Commentary
Monday, January 29, 2007 6:03 PM PST
Mental outlook is key to happiness
Rebecca Villaneda
Last week I was hypnotized.
I interviewed a couple for a story who are hypnotists, and they reaffirmed my mind is capable of creating and maintaining a positive spot in this big world.
As a kid I had a happy disposition, but as life got more complicated it sometimes became a struggle to dig out that carefree aura.
Still, for the most part I’m able to be at peace and hope that it reflects in my personality.
Since my session with the Tooleys, my hypnotists, I’ve been intrigued with how the mind works and begun exploring the power it holds.
I’ve learned that positive thinking and affirmation, meditation and visualization can help enhance many aspects of my life.
My hurt knee was the focus of my hypnosis that evening with the Tooleys, and I’m convinced that the injury — and the cure — were both mind-related.
I began a workout routine and I think it got the best of me. I used my knee as a reason to stop.
The hypnosis basically went like this: I closed my eyes and Duncan Tooley talked me through some breathing and guided me to a deep mental state. I clearly remembered everything and was completely conscious of all that was going on around me.
He had me visualize a knob that gauged the pain I felt in my knee and then had me mentally turn it to zero.
Then he had me repeat, “I feel great. This was easy, and I like this. If I ever feel pain, I will do this.”
My knee was better the next day and I’m currently back to my exercise routine.
I truly believe that mentally picturing myself getting better and believing it was getting better allowed my knee to heal.
After I told some skeptics about my experience, they asked what’s the difference between self-hypnosis and positive affirmation or meditation.
Basically not much, I said.
With self-hypnosis, a hypnotist guides clients to a centered state in their mind and gives them correct terminology to use that will enhance, cure or break habits. They call this a guided meditation.
Once you have the tools, a willingness and believe in yourself, you can apply these techniques to any aspect of your life and repeat them so that the mind registers it.
You begin to manifest what you are visualizing by repeating it in your head.
The mind is powerful, and by evoking its capabilities I’ve learned we can create our own well-being.
The latest issue of Time magazine features a user’s guide to the brain, dissecting its powers, characteristics and qualities.
There is a piece about happiness and meditation that uses Buddhist monks as an example of mental training. Some monks have spent 10,000 hours meditating.
The conclusion of the MRI scans on the monks was that “the positive state is a skill that can be trained.
“The brain’s emotional regions seemed to become stronger with more years of meditation practice, as if the brain had forged more robust connection between thinking and feeling. The conscious act of thinking about their thoughts in a particular way rearranged the brain.”
Another favorite publication of mine, Ode magazine, also examines the mind’s capabilities and uses excerpts from Lynne McTaggart’s book, “The Intention Experiment: Using Your Thoughts to Change Your Life and the World,” which explains the power of intention using athletes and people with cancer as examples.
It shows how an athlete can simply visualize victory to attain it. And the same goes for a cancer patient.
“One school of thought proposes that mental rehearsal creates the neutral patterns necessary for the real thing,” reads a passage from the book.
The author uses Muhammad Ali’s boxing career, saying that much of his training was learning how to take punches. “Ali used every self-motivational technique: affirmation; visualization; mental rehearsal, self-confirmation; and perhaps the most powerful epigram of personal worth ever uttered, ‘I am the greatest.’”
For the power of intention to heal, Ode shows that cancer patients fight the disease when they successfully visualize themselves getting better through “powerful imagery symbols … [that] could hold a clear visual intention, imagining themselves receiving effective medical treatment and overpowering the cancer.”
Time also proves that the mind is so powerful that it can convince even a brain-dead human to make the body perform what it wants.
A doctor writes about a man who was on his last breath and who hadn’t communicated with his family in more than a week.

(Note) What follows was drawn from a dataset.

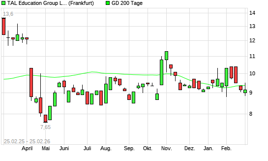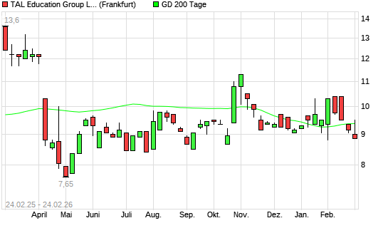 Mit dem Rücksetzer auf 8,85 EUR hat die TAL Education-Aktie am 24.02.2026 die 200-Tage-Linie nach unten gekreuzt.Die TAL Education-Aktie befand sich seit dem 23.02.2026 ...weiterlesen

When he returned to see the empty bed where his patient once lay, he found a nurse that told him the man woke up for five minutes to say his goodbyes, then died within the hour. “What woke my patient … was simply his mind, forcing its way through a broken brain, a father’s final act to comfort his family.
The mind is a uniquely personal domain of thought, dreams and countless other things, like the will, faith and hope.”
It’s important to remember that we as humans are capable of so much goodness when we put our minds to it.
We can never disregard that we are privileged to train our minds to create positivity, happiness and peace within ourselves — and remember, those qualities are contagious.